LISTED ENTRIES:

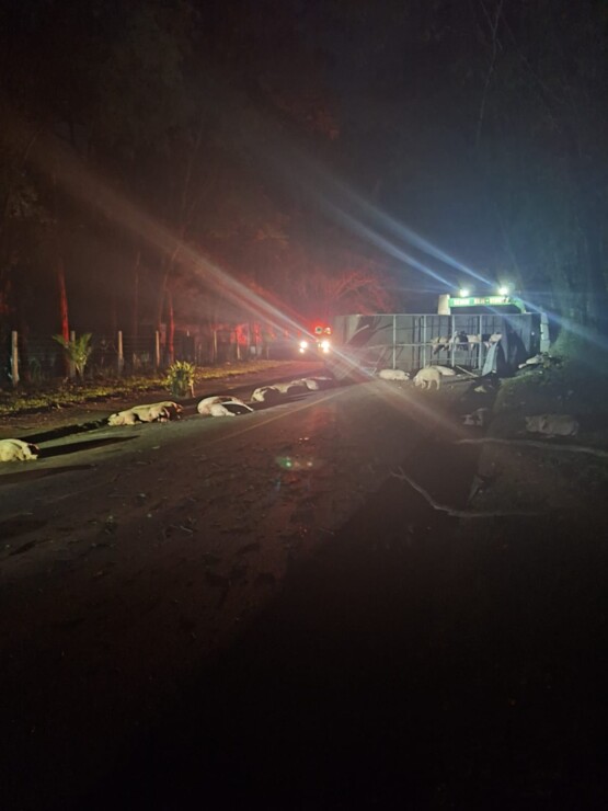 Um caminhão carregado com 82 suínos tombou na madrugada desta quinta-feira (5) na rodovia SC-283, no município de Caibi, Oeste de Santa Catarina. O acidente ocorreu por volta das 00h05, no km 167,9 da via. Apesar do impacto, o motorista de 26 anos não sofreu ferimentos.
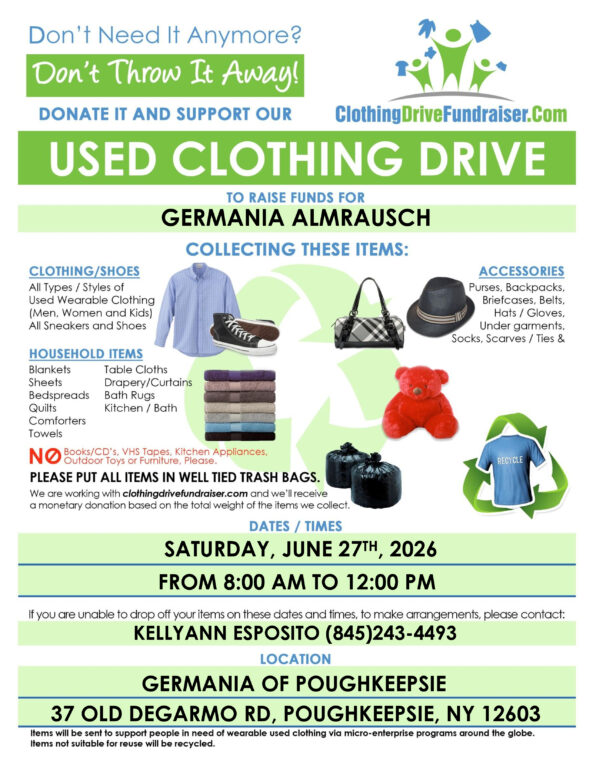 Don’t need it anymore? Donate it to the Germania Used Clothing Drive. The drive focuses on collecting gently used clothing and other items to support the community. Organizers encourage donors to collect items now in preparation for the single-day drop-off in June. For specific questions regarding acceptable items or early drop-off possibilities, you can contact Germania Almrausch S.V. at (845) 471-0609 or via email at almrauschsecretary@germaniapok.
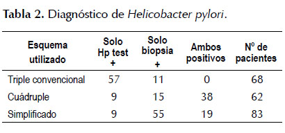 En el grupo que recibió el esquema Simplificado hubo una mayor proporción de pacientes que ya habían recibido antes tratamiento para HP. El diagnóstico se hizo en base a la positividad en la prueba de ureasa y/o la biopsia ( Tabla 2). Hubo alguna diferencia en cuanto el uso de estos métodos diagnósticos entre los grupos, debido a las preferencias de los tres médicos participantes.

---

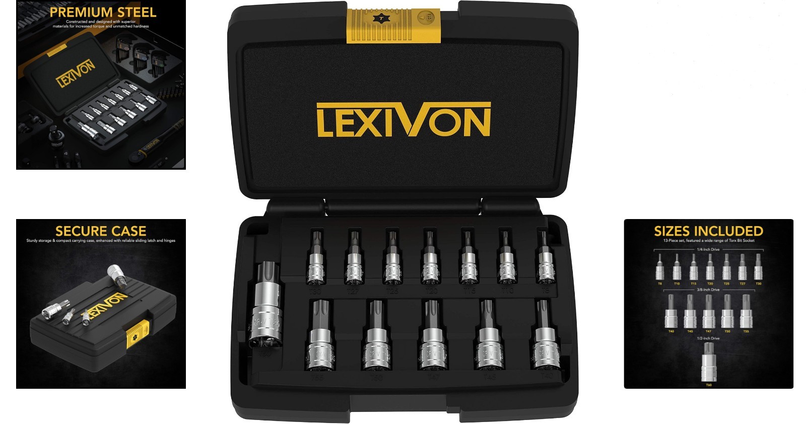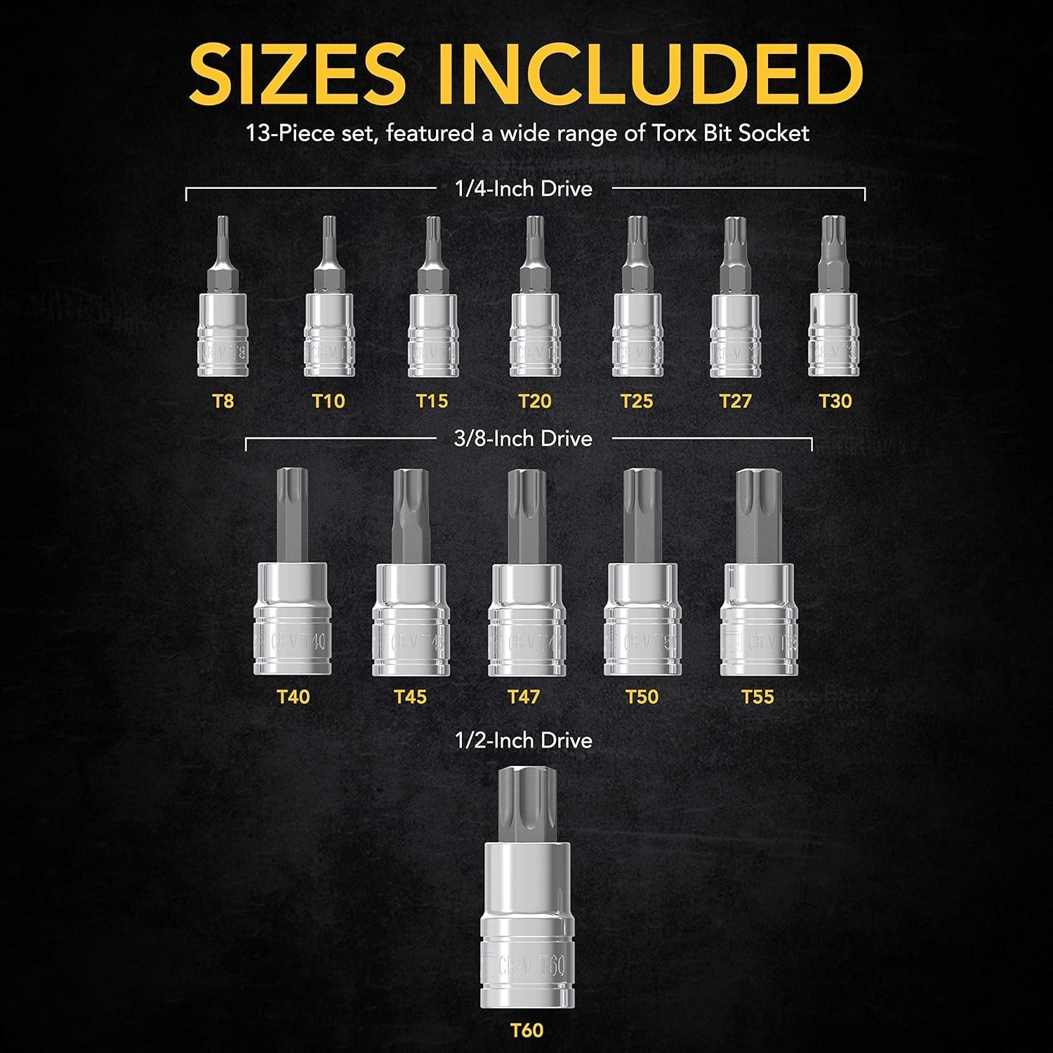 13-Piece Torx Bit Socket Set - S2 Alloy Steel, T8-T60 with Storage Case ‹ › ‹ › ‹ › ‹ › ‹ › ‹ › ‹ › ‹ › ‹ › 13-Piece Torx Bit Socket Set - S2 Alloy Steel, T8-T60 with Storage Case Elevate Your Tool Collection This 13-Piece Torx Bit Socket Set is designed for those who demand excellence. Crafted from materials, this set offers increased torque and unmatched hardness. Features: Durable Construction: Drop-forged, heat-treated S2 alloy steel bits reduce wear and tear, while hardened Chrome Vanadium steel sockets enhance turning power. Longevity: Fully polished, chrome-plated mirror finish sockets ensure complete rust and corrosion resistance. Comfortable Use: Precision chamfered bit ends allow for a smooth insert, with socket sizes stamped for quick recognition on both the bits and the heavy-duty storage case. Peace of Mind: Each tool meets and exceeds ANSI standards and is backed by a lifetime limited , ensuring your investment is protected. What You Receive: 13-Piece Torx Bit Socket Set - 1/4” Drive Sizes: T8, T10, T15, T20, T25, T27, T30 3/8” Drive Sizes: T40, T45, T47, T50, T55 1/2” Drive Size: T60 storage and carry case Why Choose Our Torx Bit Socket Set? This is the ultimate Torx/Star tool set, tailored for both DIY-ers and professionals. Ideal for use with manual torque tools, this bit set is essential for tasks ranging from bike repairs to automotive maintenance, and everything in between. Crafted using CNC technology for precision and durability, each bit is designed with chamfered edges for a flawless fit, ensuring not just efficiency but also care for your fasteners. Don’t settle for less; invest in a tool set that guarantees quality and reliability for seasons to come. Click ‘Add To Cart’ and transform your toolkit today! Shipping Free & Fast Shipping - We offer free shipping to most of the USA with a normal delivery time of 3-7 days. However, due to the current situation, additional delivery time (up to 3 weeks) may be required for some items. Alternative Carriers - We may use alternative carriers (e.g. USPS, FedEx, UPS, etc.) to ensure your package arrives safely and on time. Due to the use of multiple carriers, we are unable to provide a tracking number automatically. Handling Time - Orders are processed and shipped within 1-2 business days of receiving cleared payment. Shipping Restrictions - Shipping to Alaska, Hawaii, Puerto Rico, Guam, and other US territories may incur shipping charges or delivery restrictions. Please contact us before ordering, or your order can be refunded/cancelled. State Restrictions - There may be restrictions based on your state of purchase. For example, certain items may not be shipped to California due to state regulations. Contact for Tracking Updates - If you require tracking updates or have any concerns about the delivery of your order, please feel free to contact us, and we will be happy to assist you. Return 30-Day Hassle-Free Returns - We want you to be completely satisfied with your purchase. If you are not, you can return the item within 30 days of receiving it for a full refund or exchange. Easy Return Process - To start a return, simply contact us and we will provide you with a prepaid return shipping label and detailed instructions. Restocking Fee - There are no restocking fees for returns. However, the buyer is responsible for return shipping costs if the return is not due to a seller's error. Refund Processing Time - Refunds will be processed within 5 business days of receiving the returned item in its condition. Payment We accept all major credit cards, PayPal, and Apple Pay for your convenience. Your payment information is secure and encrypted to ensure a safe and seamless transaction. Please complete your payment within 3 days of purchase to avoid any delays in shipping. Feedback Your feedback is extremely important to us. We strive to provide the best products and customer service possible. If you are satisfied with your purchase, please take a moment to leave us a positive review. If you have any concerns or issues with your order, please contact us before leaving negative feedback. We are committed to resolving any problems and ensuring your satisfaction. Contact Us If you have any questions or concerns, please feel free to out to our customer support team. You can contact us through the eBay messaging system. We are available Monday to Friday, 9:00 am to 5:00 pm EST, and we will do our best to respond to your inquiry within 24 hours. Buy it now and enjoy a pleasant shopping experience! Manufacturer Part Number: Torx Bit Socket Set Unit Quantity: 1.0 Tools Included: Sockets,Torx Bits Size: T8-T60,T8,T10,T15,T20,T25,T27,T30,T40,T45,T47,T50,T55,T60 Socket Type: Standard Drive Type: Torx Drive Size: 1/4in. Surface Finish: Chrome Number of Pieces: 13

==

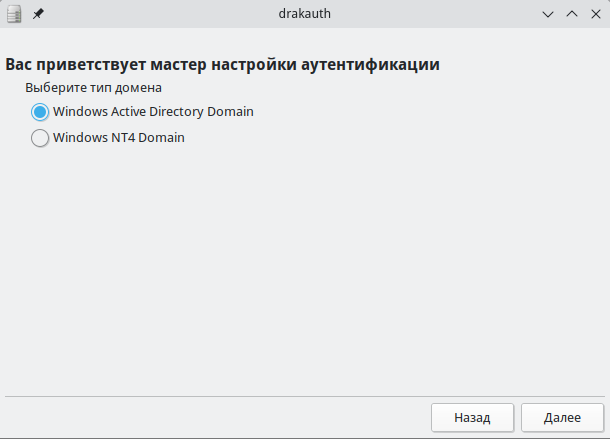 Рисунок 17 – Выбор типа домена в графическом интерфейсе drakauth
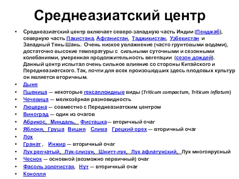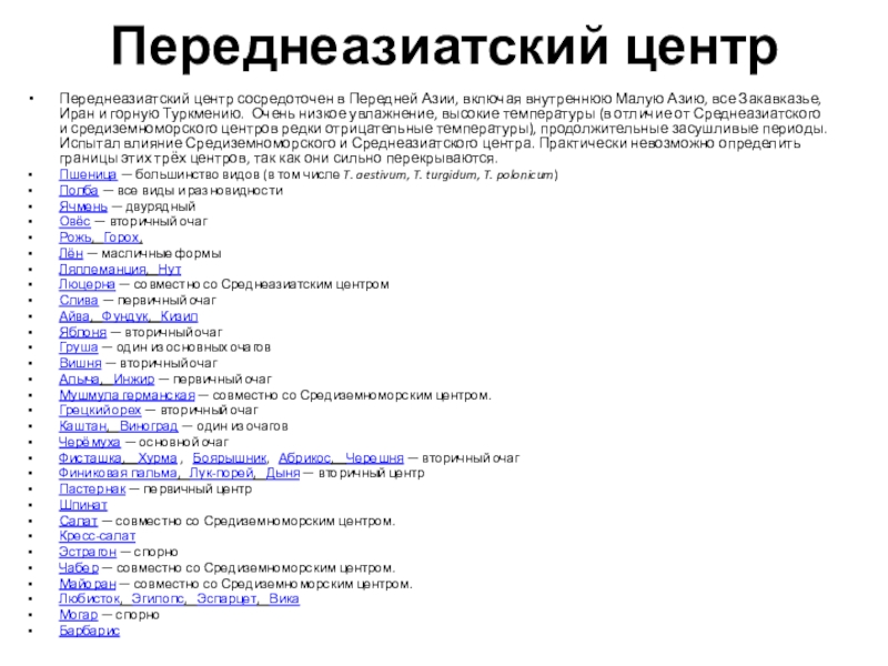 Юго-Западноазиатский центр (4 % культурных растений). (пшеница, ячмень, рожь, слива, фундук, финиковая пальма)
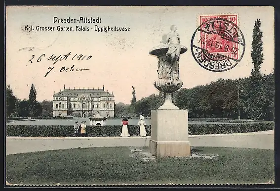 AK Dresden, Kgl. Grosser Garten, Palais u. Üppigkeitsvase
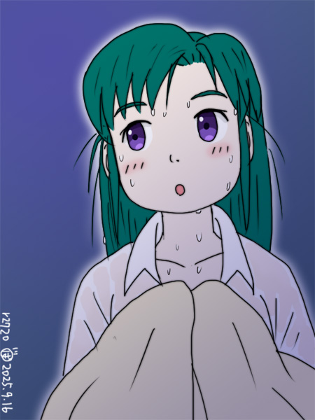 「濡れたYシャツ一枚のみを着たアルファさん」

EXERCISE DETAILS: Please set down, exactly and with no pictures, the lines in the entries above starting at the one holding "Um caminhão carregado" and ending at the one holding "En el grupo", ends included.

EXERCISE RESULT:
 Um caminhão carregado com 82 suínos tombou na madrugada desta quinta-feira (5) na rodovia SC-283, no município de Caibi, Oeste de Santa Catarina. O acidente ocorreu por volta das 00h05, no km 167,9 da via. Apesar do impacto, o motorista de 26 anos não sofreu ferimentos.
 Don’t need it anymore? Donate it to the Germania Used Clothing Drive. The drive focuses on collecting gently used clothing and other items to support the community. Organizers encourage donors to collect items now in preparation for the single-day drop-off in June. For specific questions regarding acceptable items or early drop-off possibilities, you can contact Germania Almrausch S.V. at (845) 471-0609 or via email at almrauschsecretary@germaniapok.
 En el grupo que recibió el esquema Simplificado hubo una mayor proporción de pacientes que ya habían recibido antes tratamiento para HP. El diagnóstico se hizo en base a la positividad en la prueba de ureasa y/o la biopsia ( Tabla 2). Hubo alguna diferencia en cuanto el uso de estos métodos diagnósticos entre los grupos, debido a las preferencias de los tres médicos participantes.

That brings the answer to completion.